Today, Carl "on cue" Icahn noted that he had taken a large position in Motorola Inc. (MOT) and wanted a seat on the board. Only yesterday we noted his Bloomberg interview two days earlier where he was quoted as saying that 20% of the S&P 500 or 100 companies were exposed to either LBOs or private equity deals.
Curiously, JPMorgan & Chase Co. (JPM) Chief Jamie Dimon stated, "home equity is subject to a deterioration," noting that 2% of their mortgages were at risk. This doesn't seem a lot, but he went on to say that this "might signal a recession ahead." Naturally, in true Alice in Wonderland fashion, this bought out "some" buyers in streetTRACKS SPDR Homebuilders ETF (XHB).
What the Fed does or doesn't do may impact real estate more than any other thing.

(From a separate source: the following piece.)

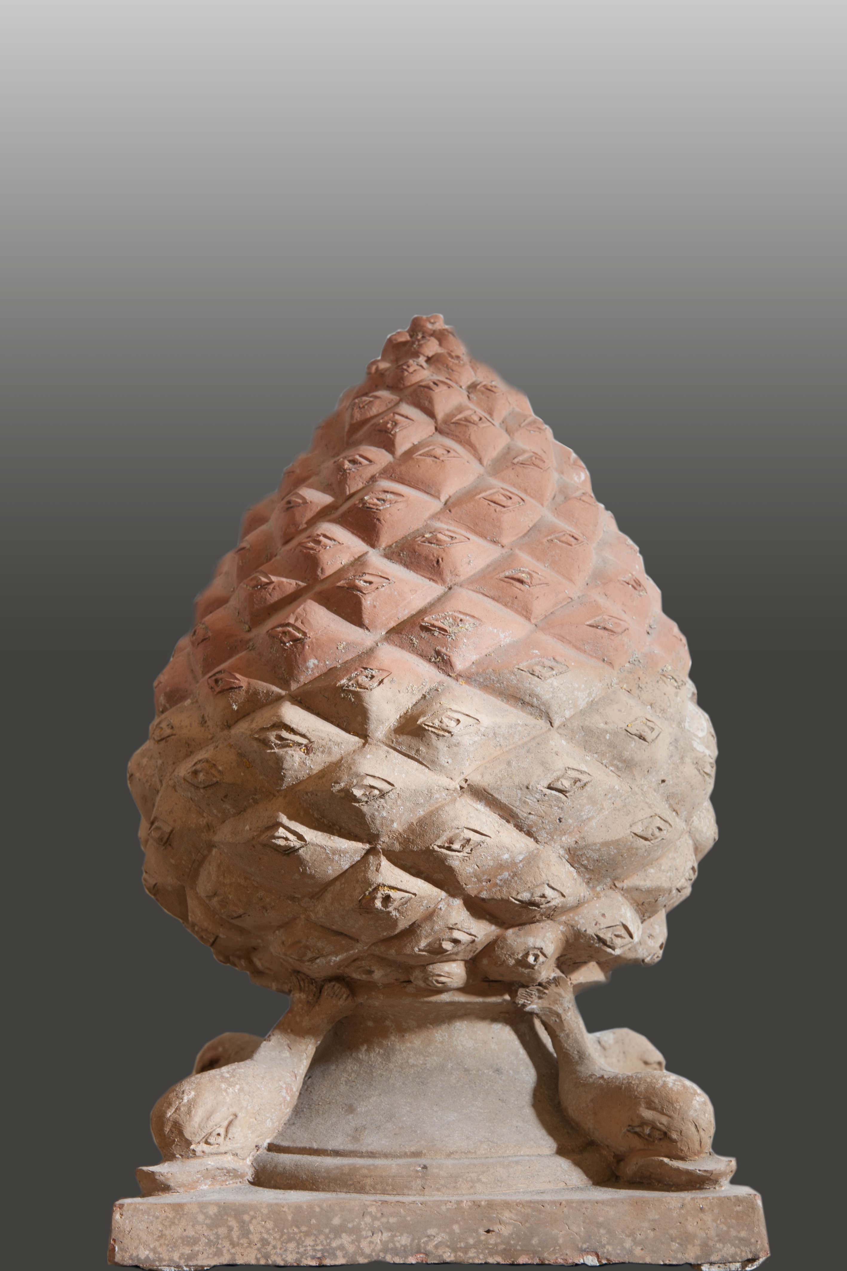 Coppia di pigne in terracotta con base quadrata poggiata su quattro delfini (37 cm di lato e 60 cm di altezza).

While energy gushed higher, airlines were hurt, but the overall transportation index as reflected by iShares Dow Jones Transportation Index ETF (IYT) barely budged. Why? Stronger overseas shippers pushing fuel surcharges and some truckers. Elsewhere, airlines and air cargo companies took a hit.
Emerging Markets, which were hit yesterday by some profit-taking, were all higher along with commodity markets.

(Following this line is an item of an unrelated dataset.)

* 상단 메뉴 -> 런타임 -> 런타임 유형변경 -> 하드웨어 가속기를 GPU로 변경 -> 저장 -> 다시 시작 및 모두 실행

Is water a commodity play? Why not!
Unlike yesterday it was an exciting day today. I hope everyone was on the right side of things -- especially in energy markets. Tomorrow is Fed Day, and we'll see if they do or say anything unexpected. From our perch everything in the economy looks okay, but then what do we know? One thing is true, the Fed and other central banks don't like high gold and commodity prices, since the former challenges their policies in the truest way.
We also have the PMI and GDP numbers tomorrow, and it's also the last day of January. Good riddance I say! By the way, Friday is employment data.
I guess the NY Times article was either right on causing the Saudi's to respond, or was just totally off the mark. We'll have to wait and see.
Disclaimer: Among other issues, the ETF Digest maintains positions in: PowerShares DB Base Metals Fund (DBB), PowerShares DB Agriculture Fund (DBA), PowerShares DB Precious Metals Fund (DBP), PowerShares DB G10 Currency Harvest Fund (DBV), S&P 500 Index (SPY), NASDAQ 100 Trust Shares ETF (QQQQ), First Trust DJ Internet Index ETF (FDN), iShares Russell 2000 Index ETF (IWM), MidCap SPDRs ETF (MDY), streetTRACKS Gold Trust ETF (GLD), Rydex S&P Equal Weight Consumer Discretionary ETF (RCD), iShares MSCI Emerging Markets ETF (EEM), iShares S&P Latin America 40 Index Fund (ILF), iShares MSCI Mexico Index ETF (EWW), iShares MSCI Brazil Index ETF (EWZ), iShares MSCI Australia Index Fund (EWA), iShares MSCI Malaysia (EWM), iShares Trust FTSE-Xinhua China 25 Index Fund (FXI), iPath MSCI India ETN (INP) and PowerShares Water Resources ETF (PHO).